The Manpower Development and Training Act of 1962 ("MDTA"), Pub.L. No. 87-415, 76 Stat. 23, 42 U.S.C. § 2571 et seq. (1966) (repealed 1973), the Economic Opportunity Act of 1964 ("EOA"), 78 Stat. 508, 42 U.S.C. § 4871 et seq. (1976), and the Emergency Employment Act of 1971 ("EEA"), Pub.L. No. 92-54, 85 Stat. 146, 42 U.S.C. § 2701 et seq. (1976) (repealed 1981).
Atlantic County seeks to distinguish the case at hand from Bell, pointing to CETA § 602(b)'s provision that
The Secretary may also withhold funds otherwise payable under this Act, but only in order to recover any amounts expended in the current or immediately prior fiscal year in violation of any provision of this Act or any term or condition of assistance under this Act. [emphasis added]
The County argues that this language evinces a Congressional intent to give the Secretary only a limited right of recovery under CETA. We do not agree. ESEA also provided for withholding future funds to sanction improper expenditures. § 210, 79 Stat. 27, 33. ESEA included this sanction as an additional response to noncompliance, not as the exclusive one. Similarly with CETA, the Secretary "may also" resort to the limited withholding remedy defined in § 602(b). The provision does not purport to limit other sanctions available to the government.
III.
Since we hold that the 1973 CETA statute did create a recoupment right in the Secretary of Labor, we must address Atlantic County's substantive objections to the Secretary's findings. Atlantic maintains that the Secretary of Labor's determination was not based on substantial evidence. We see no merit in this claim. The Secretary found two violations of CETA regulations: (1) the two jobs were not listed for 48 hours so as to permit a search of the files for eligible veterans, 29 C.F.R. § 96.29 (1978); and (2) the two employees were paid more than non-CETA personnel performing comparable jobs, 29 C.F.R. § 98.24(b) (1978).

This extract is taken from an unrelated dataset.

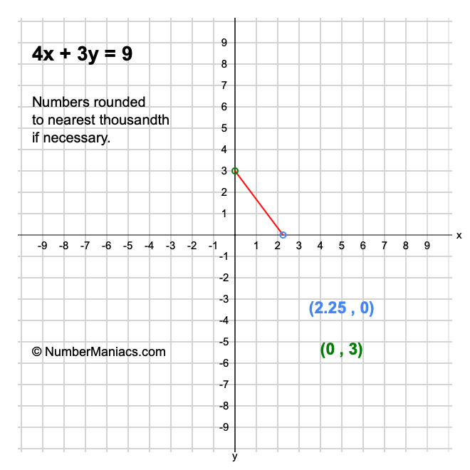 We will start by calculating and showing you the solution for the x-intercept and y-intercept of 4x + 3y = 9.
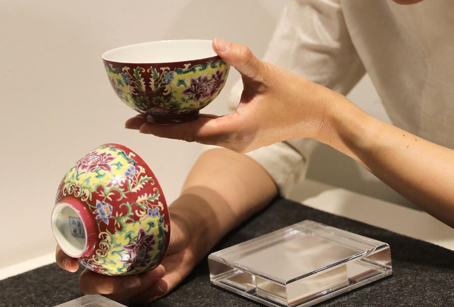 A staff member of auction house Christie's shows a pair of Qing Dynasty (1644-1911) porcelain bowls created during the reign of Emperor Yongzheng (1678-1735), at a media preview on April 11, 2019. The Christie's Hong Kong Spring Auctions 2019 will be held in Hong Kong from May 24 to 29. Those to go under the hammer include several treasured porcelain and handcraft works from ancient China, each estimated at more than HK$10 million ($1.2 million). [Photo/Xinhua]

There is substantial evidence in the record supporting the claimed violations. First, the two employees were hired at 1:00 p.m. Monday, less than 48 hours (excluding weekends) after the jobs were listed on Friday morning. Second, Atlantic County made no showing that it checked the files for eligible veterans. Finally, the salaries earned by non-CETA employees who appear to have been comparable — license inspectors and building inspectors — were well below the $10,000 paid the two CETA employees in this case.
The decision of the Secretary of Labor will be affirmed.